Mira is plunging through our part of the Milky Way with an unusually large space velocity, 130 kilometers per second. This accounts for the length of the tail that it has left behind in the interstellar medium. In addition, some the blown-off gas piles up in a bow shock in front of the star, as is dimly visible in the GALEX images.

According to the team, the far-ultraviolet glow is probably caused by fluorescence of hydrogen molecules hit by energetic electrons.

2-color closeup
In this two-color closeup by GALEX, far ultraviolet is shown as blue and nearer ultraviolet as red. Mira appears to be emitting two narrow, swirly streamers of stuff, which spread out to form a comet-like head and, eventually, tail. Note the detached bow shock of far-ultraviolet gas just in front of the head, to the right.
At Mira's distance of 350 light-years, the 2° length of the tail translates into a physical length of 13 light-years — the distance the star covers in about 30,000 years. Thus, the tail serves as a fossil record of the star's mass loss over the past 300 centuries. Says Martin, “This will tell us how other stars like our Sun [in the far future] age over time.”
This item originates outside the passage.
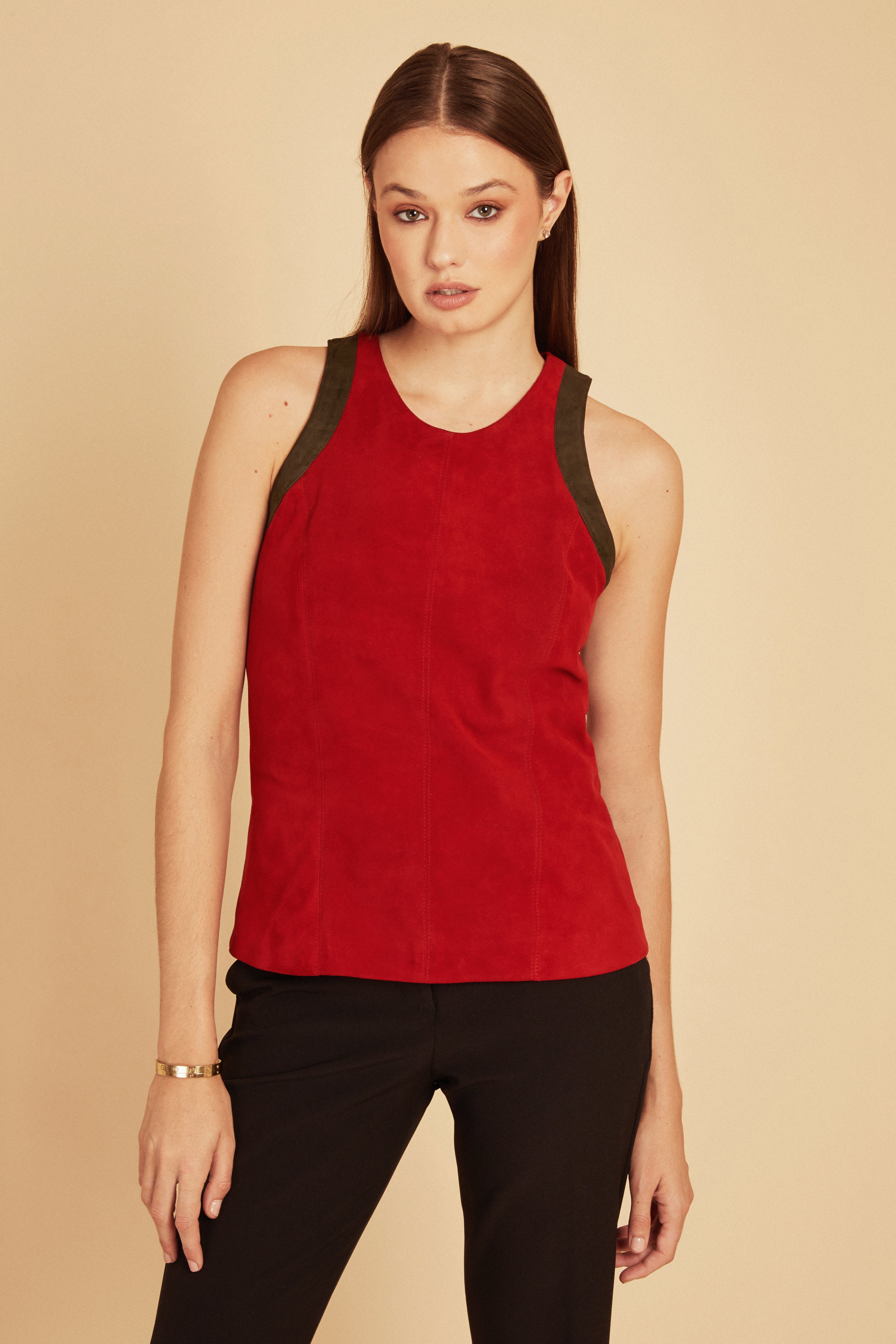 A vibrant Red Stretch Suede vest that perfectly blends bold color with comfortable flexibility. Crafted from soft, high-quality suede, it offers a sleek, fitted silhouette that enhances your shape while allowing ease of movement. Ideal for adding a pop of color and texture to any outfit, or for layering. This vest is both stylish and versatile, making it a statement piece for any wardrobe.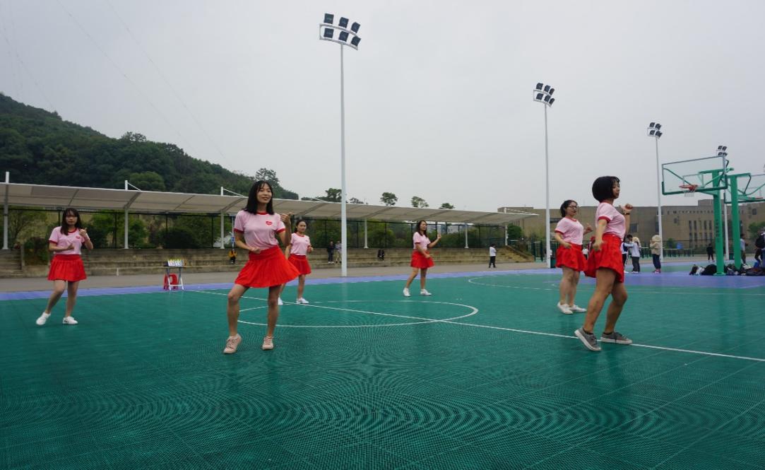 中场休息时,迎来了拉拉队表演环节。公司拉拉队队员们身着粉色上衣、红色短裙,通过一场活力四射的拉拉操表演为公司篮球队加油助威。

The tail is wider and brighter at positions that correspond to roughly 10,000, 20,000, and 30,000 years ago, suggesting a long-term periodicity in Mira's stellar wind. “It all fits together very nicely,” says astrophysicist Lex Kaper (University of Amsterdam). Theoretical models predict long-term “thermal pulses” for Mira-like stars, Kaper notes; these are probably related to the shell-like structures seen in the outer regions of some planetary nebulae.

However, Martin and his colleagues note in their paper that the thermal-pulse period for lightweight old red giants like Mira should be much longer than 10,000 years. So, large-scale turbulence or density variations in the interstellar medium may be what shaped the tail instead.

Further reading:
JPL press release
Abstract of the Nature paper

Astronomy News, Milky Way
Govert Schilling

About Govert Schilling

Sky & Telescope Contributing Editor Govert Schilling lives in the Netherlands, but loves to explore his home planet. In July, Harvard University Press will publish his new book, ‘Ripples in Spacetime. Einstein, Gravitational Waves, and the Future of Astronomy’.

4 thoughts on “Mira’s Marvelous Tail

  1. Satyendra Bhandari

    Assuming that the tail would be a hot plasma with non-uniformities, and irregular density distribution, it would be woth looking at compact radio galaxies and quasars behind the tail, and see if their signals show short and long time fluctuations as the dynamics in the tail produce their effects. I would be highly interesting and educative. Way back in 1973 I looked at such radio sources thru the plasma tail of Comet Kohoutek (1973f) and recorded comearty scintillations for the firs time! Wouls await any results.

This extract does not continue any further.